The Khmer Rouge's former head of state, Khieu Samphan, has been charged with war crimes and crimes against humanity at a UN-backed tribunal in Cambodia.


The 76-year-old was earlier arrested at a hospital in the capital, Phnom Penh, and taken to face the panel of judges. He is the fifth person to be targeted by the court, set up to bring surviving leaders of the Khmer Rouge to justice. More than one million people are thought to have died between 1975 and 1979 under the brutal Maoist regime. Khieu Samphan 's lawyers have said they will appeal against his detention, a tribunal spokesman said.

Close confidant

Khieu Samphan's arrest had been widely expected. A former guerrilla fighter, he became the president of Democratic Kampuchea - as Cambodia was then known - after the Khmer Rouge came to power. He was a close confidant of leader Pol Pot. He has long claimed that his position was ceremonial, and in a recently published book he denied responsibility for policies to starve people and orders to carry out mass killings.

Last week, amid reports that his detention was imminent, he was flown to hospital in Phnom Penh after apparently suffering a stroke. Early on Monday, police entered the hospital and drove the former leader to the special courts to appear before a panel of investigating judges.

Delay fears

Khieu Samphan's detention completes the initial round-up of suspects by the tribunal, which was established last year after years of delay. Former Foreign Minister Ieng Sary and wife Ieng Thirith, the social affairs minister, were arrested last week and charged with crimes against humanity. Pol Pot's second-in command, Nuon Chea, and Kang Kek Ieu - known as Duch - the head of the notorious Tuol Sleng prison, are also facing similar charges. Their trials are expected to begin next year.

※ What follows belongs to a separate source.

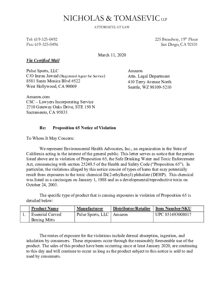 NICHOLAS & TOMASEVIC LLP ATTORNEYS AT Later: 6193250492 Fax: 6193250496225 Broadway, 19th Floor San Diego, CA 92101 March 11, 2020Via Certified Impulse Sports, LLC C/O Imran Jaw aid (Registered Agent

Under the Khmer Rouge, more than one million people died from starvation or overwork as leaders strove to create an agrarian utopia. Hundreds of thousands of the educated middle-classes were tortured and executed in special centres. Khmer Rouge founder Pol Pot died in 1998 and many fear that delays to the judicial process could mean that more of the regime's elderly leaders are never brought to justice.